いとこ婚と論文

 6世紀初頭にカトリック教会が3rd cousin(みいとこ)より近い近親者との結婚を禁じたことが、やがて西欧人の心理に影響を及ぼし、最終的には西欧の民主制や個人主義を生み出した、というのがこの論文の主張だそうだ。それ以前の欧州は近親者のネットワークを基礎に置き、よそ者は排除するような社会だったが、長期にわたるいとこ婚の禁止はむしろよそ者を信用し彼らと協力することに積極的な社会を作り上げた。論文の筆者らはその社会をWEIRD(Western, educated, industrialized, rich and democratic)と名付け、そうした現代西欧的な価値観・心理の根っこがカトリック教会に由来しているのだと述べている。
 論拠となるのは大きく3つの分野のデータだ。1つは現代の各国がカトリック教会の影響下にあった期間、2つ目はWEIRDな価値観や心理を表す各種のデータ、そして3つ目が近親者の強いつながりを示す指数である。補足資料によると、近親者のつながりを評価する際には「いとこ婚」の他に、複婚つまり一夫多妻や一妻多夫制、拡大家族の同居、血統に基づく組織、そして共同体組織のあり方を分析している。
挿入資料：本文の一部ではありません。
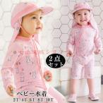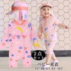 ベビー水着 女の子 ロンパース 赤ちゃん キッズ 長袖 ラッシュガード 紫外線対策 UVカット キャップ付き2点セット オールインワン スイムウェア 水遊び 海水浴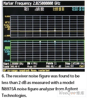 图5(a)和5(b)分别是有源天线模块和多通道射频接收机模块。这种多通道射频接收机模块被集成在尺寸为150x200x20mm的四层电路板上。图6给出了用安捷伦科技公司的N8975A噪声系数分析仪测得的总体接收机噪声系数和同样是安捷伦科技公司的E4438C信号发生器和89600软件测得的调制性能。如图6所示,接收机噪声系数小于2dB,而系统测得的基准灵敏度为-115dBm。图7给出了误差向量幅度(EVM)性能。

 彼らの主張を1番分かりやすく示しているのはこちらの地図だろう。古い教会の影響下に長くあった地域ほど、近親者間の密接な関係を示す指数(Kinship Intensity Index, KII)が低い。つまり、教会によるいとこ婚の禁止が長い時間にじわじわと影響し、身内びいきではない西欧的なWEIRDな社会を築き上げ、それが個人主義や民主主義につながった、と彼らは主張しているようだ。

 ではなぜこの論文が論争を呼び起こしたのか。強烈な批判を浴びせたのは歴史家たちである。今回の論文は経済学者や人類学者ばかりが参加して書かれたもので、歴史学者が筆者に名前を並べていない。中世史や教会史に詳しい人からは「とてもとても酷い研究」と言われ、Garbage in, garbage outと言う人もいる。
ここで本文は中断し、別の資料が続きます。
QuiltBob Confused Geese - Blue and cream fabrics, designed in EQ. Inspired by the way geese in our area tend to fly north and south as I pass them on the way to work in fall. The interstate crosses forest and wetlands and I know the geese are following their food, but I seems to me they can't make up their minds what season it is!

 なぜか。ツッコミどころが多いからだ。例えば中国などでは同姓の者との結婚を禁止する「同姓不婚」という制度が昔から存在し、いとこ婚よりはるかに厳しい規制がかかっていた。中国は長期にわたってカトリック教会の影響にあったわけではないし、また彼らが西欧と同レベルのWEIRDな社会を築き上げたとも言いがたい。中国やその影響を受けた周辺諸国(韓国や台湾)の事例を見る限り、近親婚の禁止が本当にWEIRDな社会を作る決定的な要因なのか、という疑問が浮かぶのは当然だろう。
 そもそも教会が禁止すれば本当にいとこ婚が減るのか、という問題もある。例えばエチオピアのキリスト教会はカトリックよりもさらに厳しいいとこ婚禁止を行ったそうだが、サイエンス誌の地図を見るとエチオピア周辺のKIIはずっと高い。実のところ西欧でも19世紀まではいとこ婚は全然珍しくなかった(ダーウィンはいとこと結婚した)わけで、つまり西欧でも割と最近までいとこ婚が減っていなかったとも考えられる。逆にカトリック教会以前のローマ時代からいとこ婚に対しては忌避する動きがあったとの指摘も存在しており、だとしたらなぜこの論文はそちらではなくカトリック教会の禁令を重視するのか、という疑問も出てくる。
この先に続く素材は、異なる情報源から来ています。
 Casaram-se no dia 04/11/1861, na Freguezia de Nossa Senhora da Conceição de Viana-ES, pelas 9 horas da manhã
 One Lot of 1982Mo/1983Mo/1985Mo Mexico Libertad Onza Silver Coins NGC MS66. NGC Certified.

 WEIRDな社会の原因として教会の禁令を重視している一方、他にもあり得るであろう原因を軒並み排除しているのも大きな問題だ。産業革命による社会構造の変化だったり、あるいは啓蒙主義の普及といった心理的にも影響を及ぼしうる事態をなぜか考慮に入れることなく、1500年も前の出来事1本に絞って原因と見なすのはどうなのだ、という批判は当然ながらある。
 だが何よりも問題なのは、「相関は因果を意味しない」という極めて基本的な事実についての疑惑だろう。論文では様々な形で相関を示し、p値が統計的に有意であることを示そうとしている。確かにカトリックの影響下にあった期間、WEIRDな社会に見られる特徴、KIIはいずれも相関がある、ということはこの論文から言えるかもしれない。だが、だからと言ってカトリックの禁令がKIIを下げ、WEIRDな社会を築くきっかけになったとは限らない。いくらデータを並べp値を示しても、因果を証明したことにはならないのではないか。
 個人的にはKIIとWEIRDの間には疑似的とは言いがたい何かの相関があるのではと感じているが、その原因として1500年前のカトリック教会の禁令を引っ張りだすのはさすがに筋が悪いと思う。ましていとこ婚の禁止からKIIの低下とWEIRD社会の成立を導き出すのはかなり無理があるのではないか。現代の世界においていとこ婚が広まっているのは、北アフリカから中東を経て南アジアへと至る比較的狭い範囲に過ぎない。この地図を見る限り、「いとこ婚を禁止した西欧が特殊」なのではなく「いとこ婚を許容する地域の方が例外」と見る方が自然だろう。トッドの言う通り、いとこ婚を含む内婚制が後から登場したと考える方が辻褄が合うと思う。
 そもそも論文の補足資料内にあるKIIといとこ婚との相関は、エスニシティ単位で0.47、国単位で0.62と、KIIを構成する他の要素と比べても最も低い(p5)。いとこ婚よりも血統的な組織や拡大家族の同居といった現象の方が親族の緊密度で見れば重要なのはこの論文からも分かるわけで、だとすればいとこ婚の禁止より、例えば拡大家族の同居を壊すような社会的変化の方がKIIやWEIRDに大きな影響を及ぼすと考えることもできる。産業化とそれに伴う都市化の進展こそが大きな原因だ、という結論にたどりついても不思議はないはずだ。もちろんそんな平凡な結論だとサイエンス誌には掲載されなかっただろう。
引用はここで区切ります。